WHAT TO PRODUCE:
Exact copy, no pictures: set down every entry below as written.

MATERIAL PROVIDED:
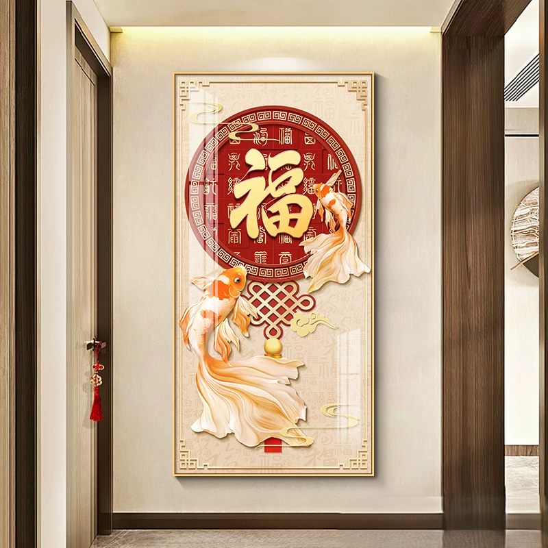 5D Diamond Painting Porcelain Simbol Fu HOK Artistik Vertikal - Hiasan Dinding Premium Mewah Elegan
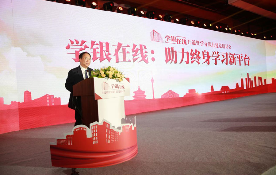 杨志坚作《学银在线:助力终身学习新平台》报告。他说,终身学习是打开未来之门的钥匙,学分银行已经从理念变为行动,而且将成为潮流。他指出,经过5年研究探索,学分银行建设已经取得阶段性成果。为主动适应终身学习、泛在学习、未来学习,国家开放大学通过校企合作,跨界创新,打造了基于互联网学习的大平台“学银在线”。概括来说,学银在线=慕课+学分银行+教育淘宝+一体化学习环境。他强调,“学银在线”有几大特色和创新:一是提供给慕课以动力机制,通过学分银行,引进其他教育机构高质量课程,承认其学分,实现学分换学历;二是打造满足各类教育机构和学习者的公共服务平台,“学银在线”是第三方平台,通过教育淘宝理念保证高质量的课程与多种内涵的证书之间的自由组合,确保教育质量,避免文凭滥发;三是支持全终端、多阶段、大数据的学习体验,通过一体化学习环境保证给用户学习行为真实画像,实现真实的质量控制,实现未来的多维度职业能力评价。杨志坚对“学银在线”提出3点期待:一是期待更多的大学、企业、社会办学机构和名师、课程加入平台,使“学银在线”成为全民公共活动和服务大平台;二是期待更加适应学习者多样化、个性化学习需求,使“学银在线”成为终身学习、泛在学习、未来学习大平台;三是期待社会各方不断提出完善平台的意见和建议,使“学银在线”大平台能够实现叠加发展。
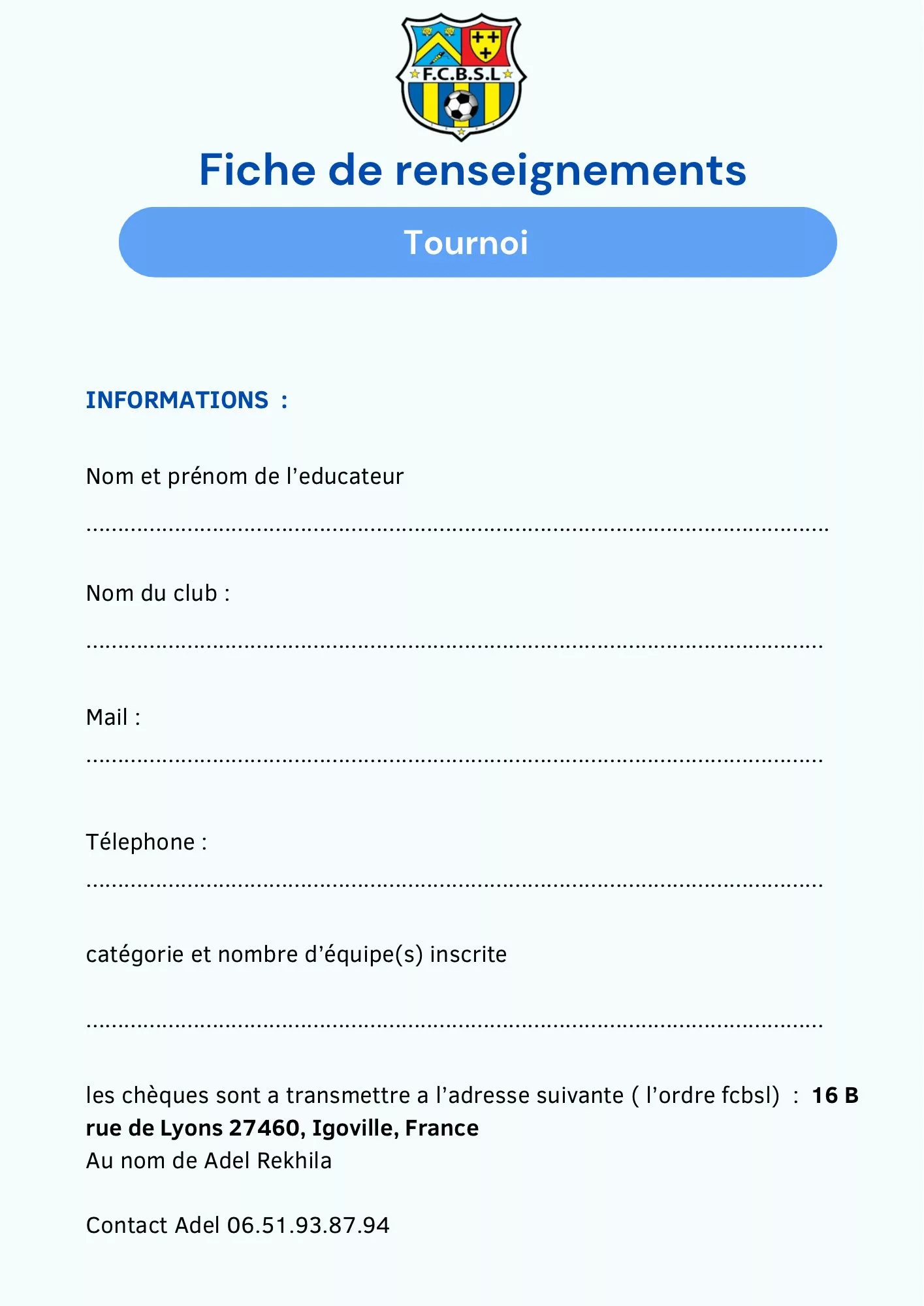 Tournoi U13 : 40 € par équipe
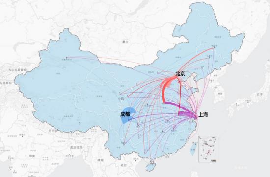 (北京、上海、成都地区骑手流入图)
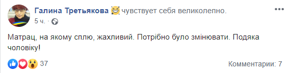 Отметим, что нардеп настолько обрадовалась новому матрасу, что написала об этом в Facebook.
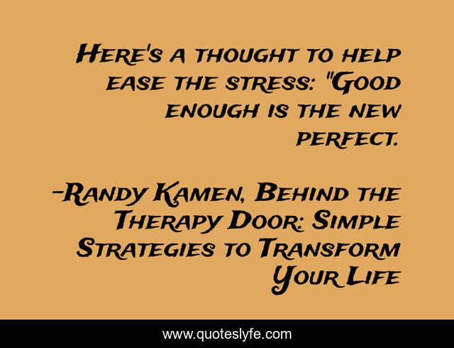 This page presents the quote "Here's a thought to help ease the stress: "Good enough is the new perfect.". Author of this quote is Randy Kamen, Behind the Therapy Door: Simple Strategies to Transform Your Life. This quote is about wellness, mental-health, happiness,.
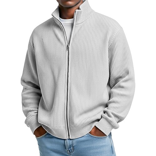 Per uomo Maglia Velluto a coste Felpa con zip intera Aalbicocca Rosso bordeaux Nero Bianco Verde chiaro Colletto Mao Semplice Testurizzato Sport Outdoor Casuale Quotidiano Streetwear Cool
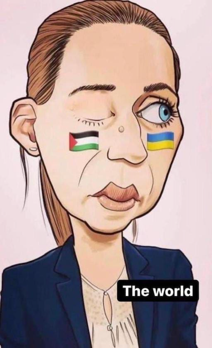 Quand l’Ukraine est attaquée par la Russie, ils soutiennent l’occupé contre l’occupant. Mais en Israël/Palestine, c’est l’inverse, ils soutiennent l’occupant contre l’occupé, en violation cynique du droit international.
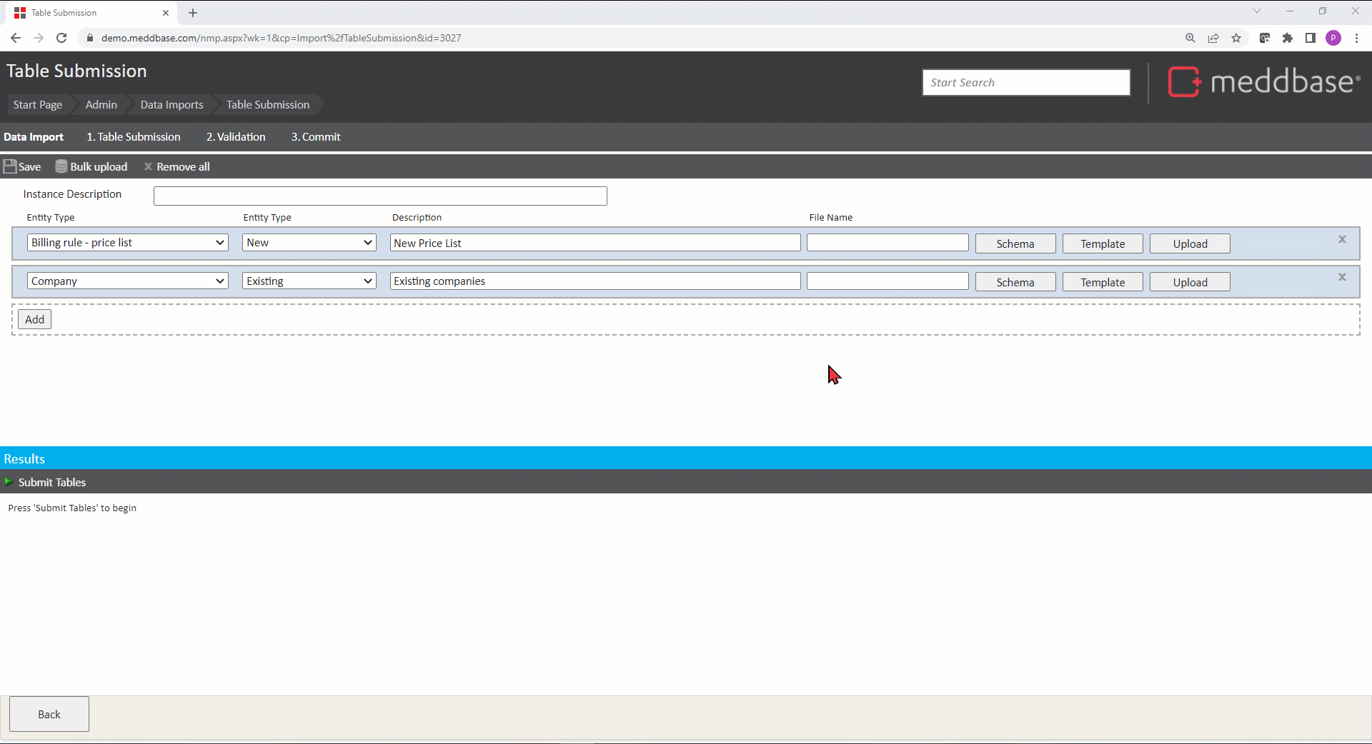 - Click Submit Tables and the system will check whether the spreadsheets you uploaded are in line with the schema(s).
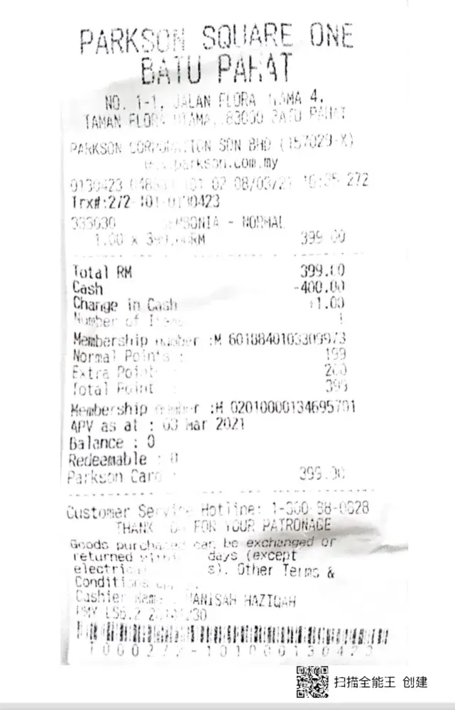On 8/8/2018, I purchased a handbag (Article [protected]) from Parkson Mahkota, Purchase outlet is CG660.
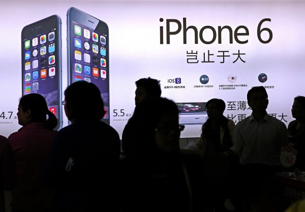 2014年10月17日,顧客在江西南昌的一家蘋果授權(quán)經(jīng)銷店門口排隊,等待購買iPhone6和iPhone6 Plus手機(jī)。 (新華社發(fā))
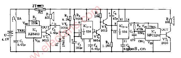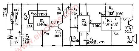 迎客门铃兼狗叫报警电路图
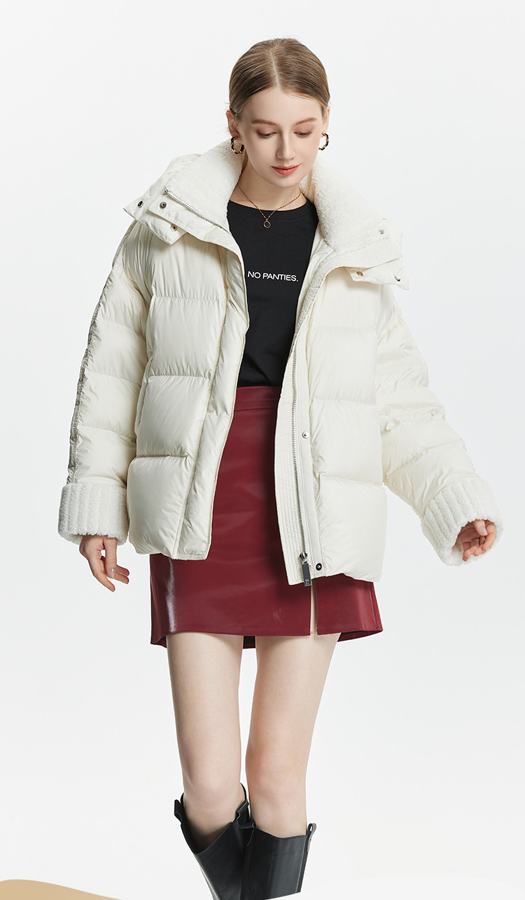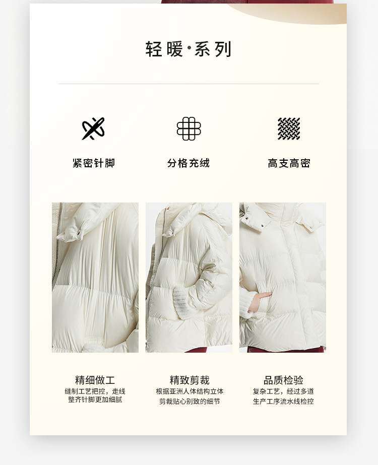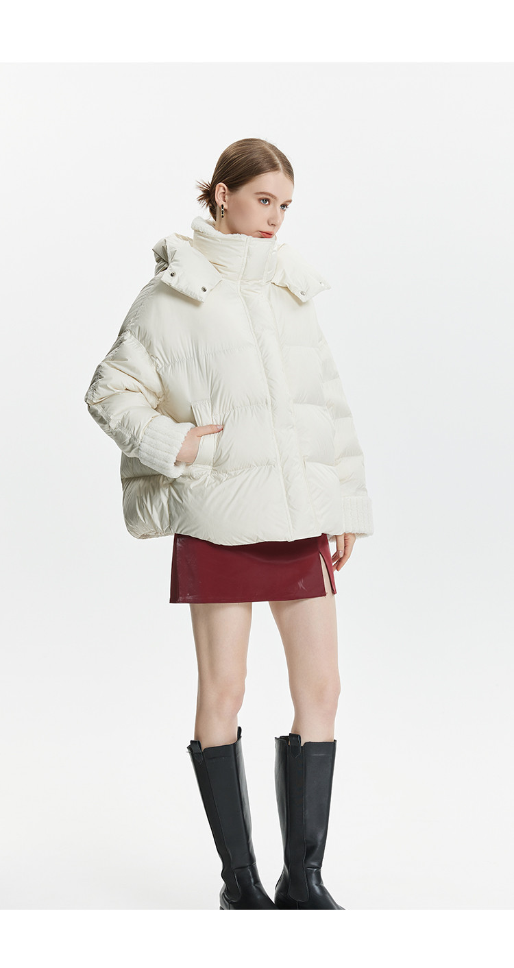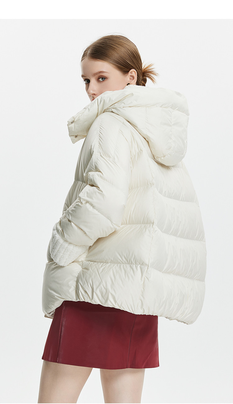 商品名称:泡芙感小个子直筒厚款连帽面包服女式短款羽绒服 493599

EXERCISE RESPONSE:
 5D Diamond Painting Porcelain Simbol Fu HOK Artistik Vertikal - Hiasan Dinding Premium Mewah Elegan
 杨志坚作《学银在线:助力终身学习新平台》报告。他说,终身学习是打开未来之门的钥匙,学分银行已经从理念变为行动,而且将成为潮流。他指出,经过5年研究探索,学分银行建设已经取得阶段性成果。为主动适应终身学习、泛在学习、未来学习,国家开放大学通过校企合作,跨界创新,打造了基于互联网学习的大平台“学银在线”。概括来说,学银在线=慕课+学分银行+教育淘宝+一体化学习环境。他强调,“学银在线”有几大特色和创新:一是提供给慕课以动力机制,通过学分银行,引进其他教育机构高质量课程,承认其学分,实现学分换学历;二是打造满足各类教育机构和学习者的公共服务平台,“学银在线”是第三方平台,通过教育淘宝理念保证高质量的课程与多种内涵的证书之间的自由组合,确保教育质量,避免文凭滥发;三是支持全终端、多阶段、大数据的学习体验,通过一体化学习环境保证给用户学习行为真实画像,实现真实的质量控制,实现未来的多维度职业能力评价。杨志坚对“学银在线”提出3点期待:一是期待更多的大学、企业、社会办学机构和名师、课程加入平台,使“学银在线”成为全民公共活动和服务大平台;二是期待更加适应学习者多样化、个性化学习需求,使“学银在线”成为终身学习、泛在学习、未来学习大平台;三是期待社会各方不断提出完善平台的意见和建议,使“学银在线”大平台能够实现叠加发展。
 Tournoi U13 : 40 € par équipe
 (北京、上海、成都地区骑手流入图)
 Отметим, что нардеп настолько обрадовалась новому матрасу, что написала об этом в Facebook.
 This page presents the quote "Here's a thought to help ease the stress: "Good enough is the new perfect.". Author of this quote is Randy Kamen, Behind the Therapy Door: Simple Strategies to Transform Your Life. This quote is about wellness, mental-health, happiness,.
 Per uomo Maglia Velluto a coste Felpa con zip intera Aalbicocca Rosso bordeaux Nero Bianco Verde chiaro Colletto Mao Semplice Testurizzato Sport Outdoor Casuale Quotidiano Streetwear Cool
 Quand l’Ukraine est attaquée par la Russie, ils soutiennent l’occupé contre l’occupant. Mais en Israël/Palestine, c’est l’inverse, ils soutiennent l’occupant contre l’occupé, en violation cynique du droit international.
 - Click Submit Tables and the system will check whether the spreadsheets you uploaded are in line with the schema(s).
On 8/8/2018, I purchased a handbag (Article [protected]) from Parkson Mahkota, Purchase outlet is CG660.
 2014年10月17日,顧客在江西南昌的一家蘋果授權(quán)經(jīng)銷店門口排隊,等待購買iPhone6和iPhone6 Plus手機(jī)。 (新華社發(fā))
 迎客门铃兼狗叫报警电路图
 商品名称:泡芙感小个子直筒厚款连帽面包服女式短款羽绒服 493599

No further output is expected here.